I have a spatial points data frame with characteristics of houses sold spanning through several years. I appended to it neighborhood attributes using "over" in {sp}. For each year of my housing data there is a neighborhood´s data set joined.
The problem: neighborhood data for different years don't always contain the same variables. Therefore, when joined to the housing data, I obtain NAs in these non-shared variables for houses sold in some particular years.
Ideal solution: for each row in my data, replace NAs with same column data (V1) from the same neighborhood (nb) but closest year available (y).
[,y] [,nb] [,V1]
[1,] 1993 30000 2752
[2,] 1993 30000 2752
[3,] 1994 30000 NA
[4,] 1994 50000 2554
[5,] 1995 30000 NA
[6,] 1996 30000 2650
[7,] 1996 50000 NA
Ideally, replace NAs such that [3,V1] = 2752
; [5,V1] = 2650
, and [7,V1] = 2554
. The data frame contains over 250k obs so looping through the whole thing is rather cumbersome.
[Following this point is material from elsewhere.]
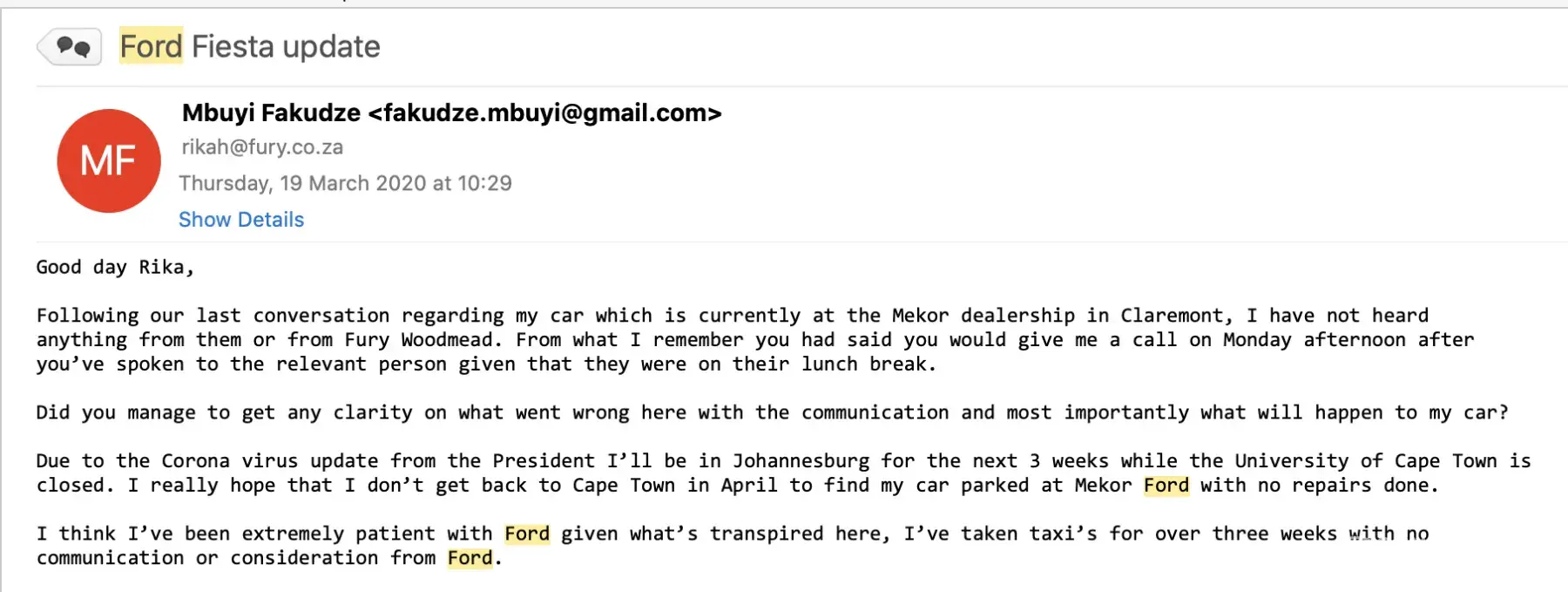 I then flew up to Johannesburg and managed to see Rika at Fury Woodmead (on either Monday the 16th or Tuesday the 17th of March 2020) I can't remember the exact date but it was one of those two days given that I was supposed to fly back to Cape Town on Monday the 16th. While I was in her office, she tried to contact Mekor Ford and she couldn't get through to the right person after being told that they were on lunch, she too became frustrated with them and asked to speak to a service manager to escalate the poor service and complacency. She told me that she'll investigate it and get back to me as soon as she's spoken to the manager.

You can use the function below for your purpose.
get_rid_of_NAs <- function(urmatrix) {
myvector <- vector()
counter <- 0
myvector_1 <- vector()
for(i in 1:nrow(urmatrix)){
out <- urmatrix[i,2]
out_1 <- urmatrix[i,1]
myvector_1 <- c(myvector_1,out_1)
myvector <- c(myvector,out)
if(urmatrix[i,3]!=NA){
next
}
orders <- order(myvector[myvector==out],decreasing=TRUE)
index <- which.min(myvector_1[orders])
urmatrix[i,3] <- urmatrix[index,3]
}
return(urmatrix)
}
Now use the function to compute.
get_rid_of_NAs(ENTERYOURMATRIXHERE.)
R can easily handle such a loop, but i would suggest the for loop in this case.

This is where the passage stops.